[SOURCE DATA — start]
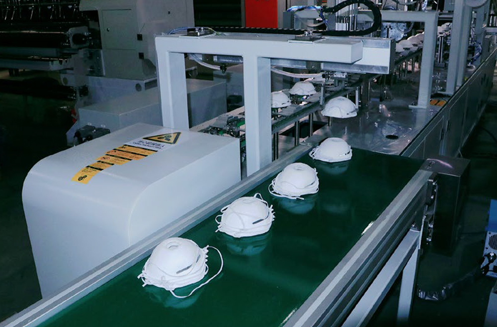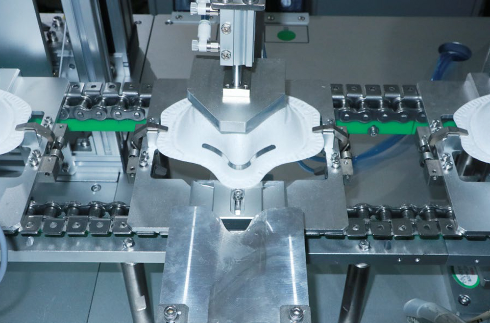 富怡全自動(dòng)罩杯口罩生產(chǎn)線實(shí)現(xiàn)了罩杯口罩從卷料到成品的整個(gè)流程。該生產(chǎn)線主要由以下工位組成:料架、杯體內(nèi)側(cè)預(yù)成型、杯體成型、轉(zhuǎn)序、移印、鼻梁條焊接、頭帶焊接、頭帶打釘、呼吸閥打孔超聲波焊接、口罩拾取。每臺(tái)機(jī)器根據(jù)客戶需求選擇進(jìn)行設(shè)計(jì)安裝。
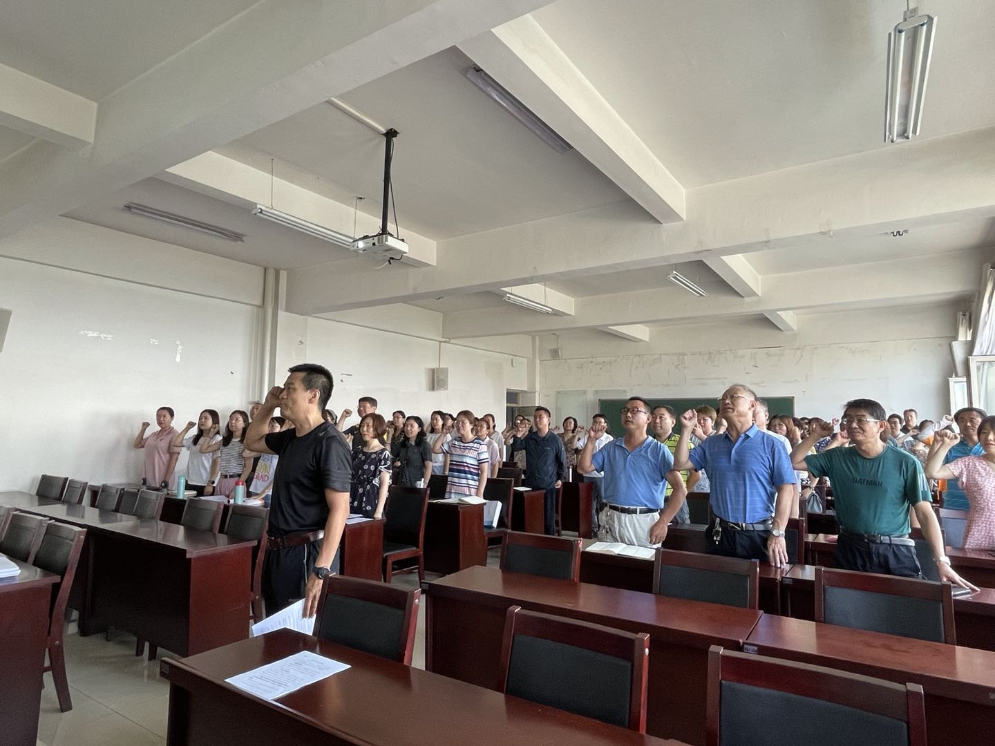 2021年7月16日上午,澳门十大信誉好的网站举办教师宣誓仪式,宣誓由党委书记王玉泉主持,学院全体教职工参加了宣誓仪式。
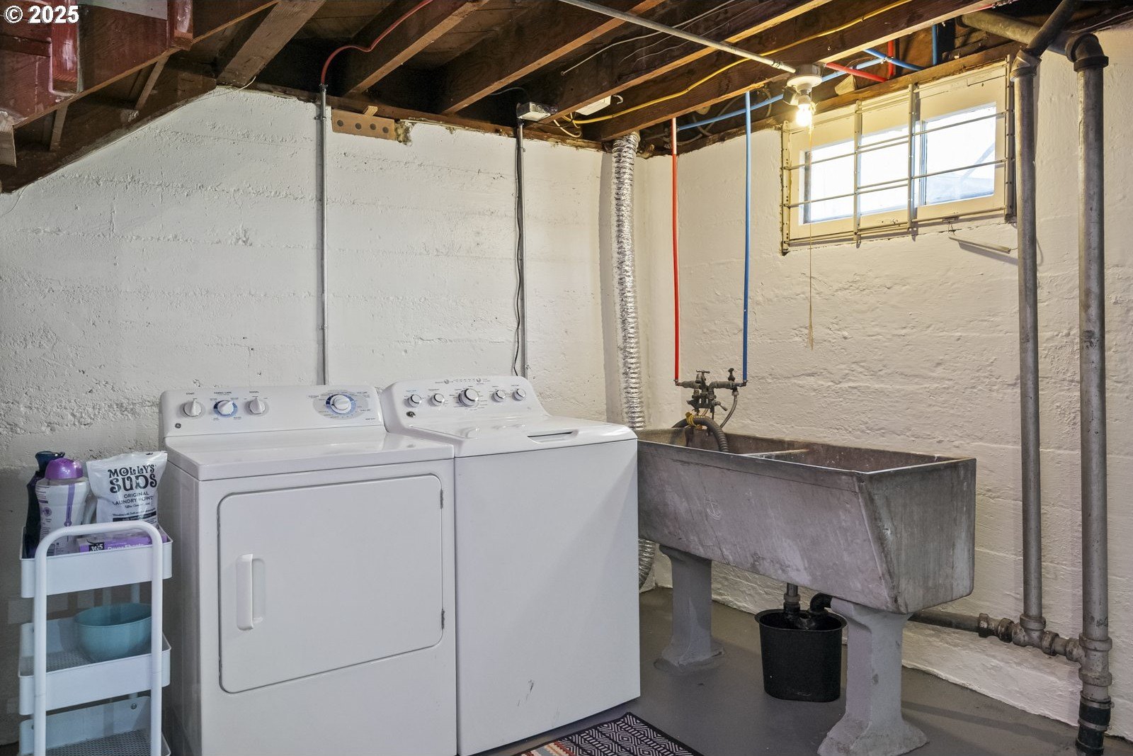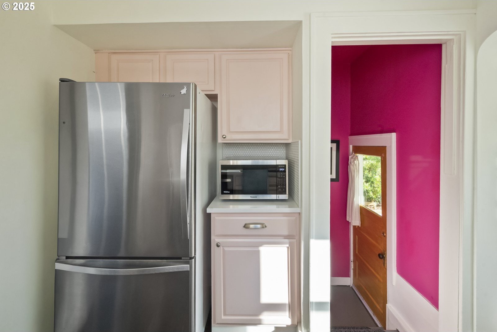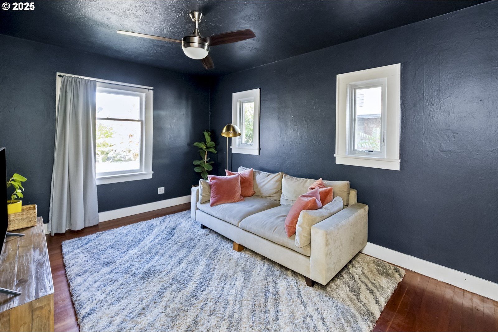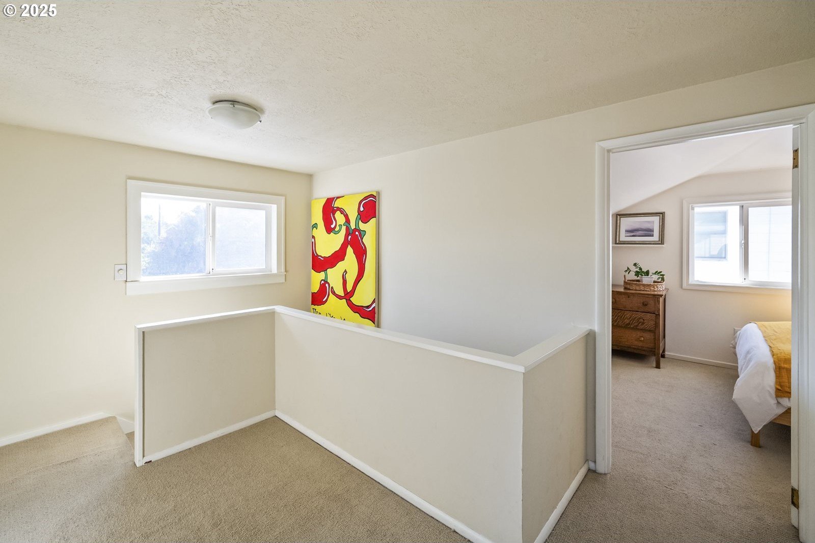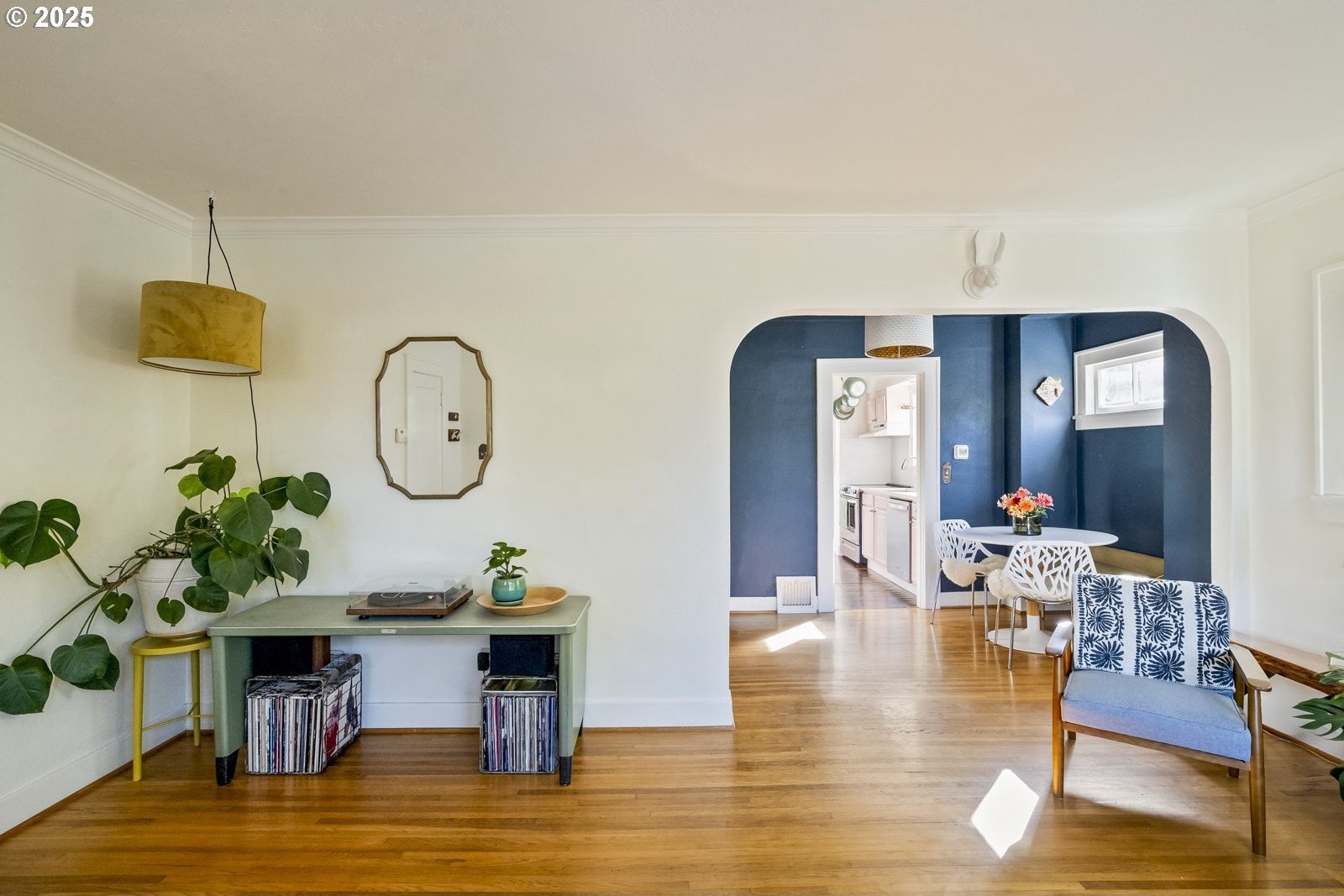 Discover this exceptional 1927 stucco home, exuding charm and elegance with its newly painted exterior in a timeless essential white, with just the right touch of creamy warmth. Upon the approach, prepare to be greeted by a landscaped front + the fenced backyard as a more private retreat. Embrace the essence of Portland living in this charming home, with beautiful oak hardwood floors that extend through the inviting living + dining room, complete with a cozy wood-burning fireplace. With coved details, quaint nooks, and a serene atmosphere, this home offers a unique sanctuary ready for its next fortunate owners. 2 bedrooms on the main and 2 on the upper level with an adjacent bonus space. Find a spot to tuck away and read, stretch + options for sleeping and a home office. On the main floor, in the private hall there is a large bathroom with double sink, expansive counter, plenty of storage and a shower/ tub combo. Find the joy of outdoor living in the fenced backyard, offering plenty of room for gardening + enjoying the beauty of each season as it unfolds. A unique copper cold plunge will remain with the home, providing a refreshing way to stay energized year-round. For added convenience, a covered outdoor dining and lounge area is situated near the back door, seamlessly connecting to the kitchen for entertaining.
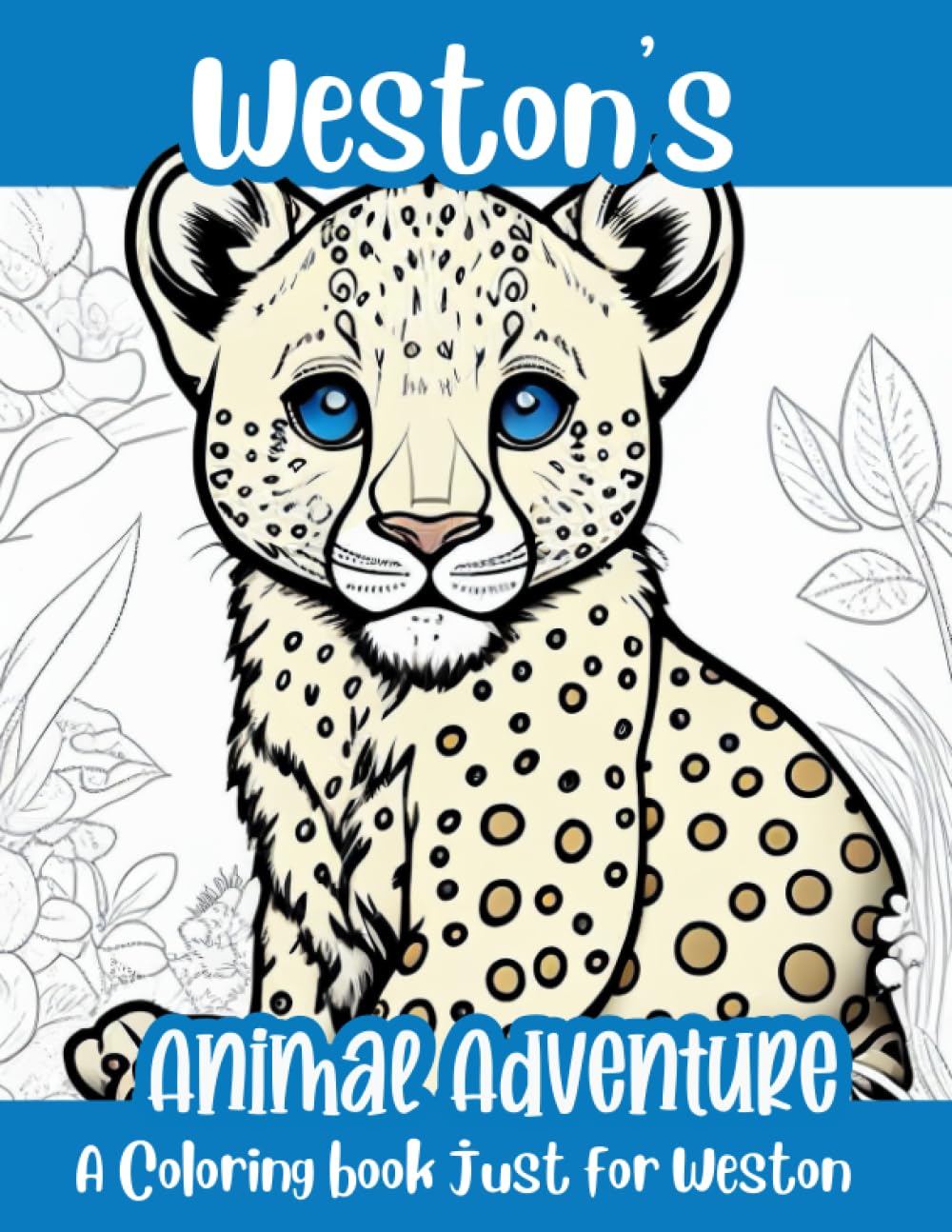 Introducing "Weston's Animal Adventure Personalized Coloring Book" – a exciting, inspirational, and educational coloring adventure specially created for little boys named Weston! This coloring book combines the allure of animals, the power of positive affirmations and advice, spelling practice for his name, and a celebration of creativity, self-esteem, and artistic expression. Each spread in this whimsical coloring book features Weston's name, making him the star of every page and helping him practice spelling his name in a fun and repetitive way. As Weston embarks on his coloring journey through this animal-filled land, he'll encounter a series of uplifting and empowering affirmations and advice. These positive messages will inspire self-belief, kindness, and the appreciation of individuality, nurturing a strong sense of self-worth and confidence as he explores his artistic skills. Key Features: • Personalized coloring book with name featured on every spread • 50 delightful pages of illustrations waiting to be colored • 50 pages filled with affirmations and advice • Left page dedicated to affirmations, with the coloring page on the right for easy coloring • Suitable for children aged 2 to 10 years • Makes a perfect customized gift Sample Affirmations: • "You are loved" • "You are a gift" • "Treat others as you want to be treated"
[SOURCE DATA — finish]
## ASSIGNMENT
Return the material word for word. Pictures are not part of the copy.

## EXERCISE ANSWER
 富怡全自動(dòng)罩杯口罩生產(chǎn)線實(shí)現(xiàn)了罩杯口罩從卷料到成品的整個(gè)流程。該生產(chǎn)線主要由以下工位組成:料架、杯體內(nèi)側(cè)預(yù)成型、杯體成型、轉(zhuǎn)序、移印、鼻梁條焊接、頭帶焊接、頭帶打釘、呼吸閥打孔超聲波焊接、口罩拾取。每臺(tái)機(jī)器根據(jù)客戶需求選擇進(jìn)行設(shè)計(jì)安裝。
 2021年7月16日上午,澳门十大信誉好的网站举办教师宣誓仪式,宣誓由党委书记王玉泉主持,学院全体教职工参加了宣誓仪式。
 Discover this exceptional 1927 stucco home, exuding charm and elegance with its newly painted exterior in a timeless essential white, with just the right touch of creamy warmth. Upon the approach, prepare to be greeted by a landscaped front + the fenced backyard as a more private retreat. Embrace the essence of Portland living in this charming home, with beautiful oak hardwood floors that extend through the inviting living + dining room, complete with a cozy wood-burning fireplace. With coved details, quaint nooks, and a serene atmosphere, this home offers a unique sanctuary ready for its next fortunate owners. 2 bedrooms on the main and 2 on the upper level with an adjacent bonus space. Find a spot to tuck away and read, stretch + options for sleeping and a home office. On the main floor, in the private hall there is a large bathroom with double sink, expansive counter, plenty of storage and a shower/ tub combo. Find the joy of outdoor living in the fenced backyard, offering plenty of room for gardening + enjoying the beauty of each season as it unfolds. A unique copper cold plunge will remain with the home, providing a refreshing way to stay energized year-round. For added convenience, a covered outdoor dining and lounge area is situated near the back door, seamlessly connecting to the kitchen for entertaining.
 Introducing "Weston's Animal Adventure Personalized Coloring Book" – a exciting, inspirational, and educational coloring adventure specially created for little boys named Weston! This coloring book combines the allure of animals, the power of positive affirmations and advice, spelling practice for his name, and a celebration of creativity, self-esteem, and artistic expression. Each spread in this whimsical coloring book features Weston's name, making him the star of every page and helping him practice spelling his name in a fun and repetitive way. As Weston embarks on his coloring journey through this animal-filled land, he'll encounter a series of uplifting and empowering affirmations and advice. These positive messages will inspire self-belief, kindness, and the appreciation of individuality, nurturing a strong sense of self-worth and confidence as he explores his artistic skills. Key Features: • Personalized coloring book with name featured on every spread • 50 delightful pages of illustrations waiting to be colored • 50 pages filled with affirmations and advice • Left page dedicated to affirmations, with the coloring page on the right for easy coloring • Suitable for children aged 2 to 10 years • Makes a perfect customized gift Sample Affirmations: • "You are loved" • "You are a gift" • "Treat others as you want to be treated"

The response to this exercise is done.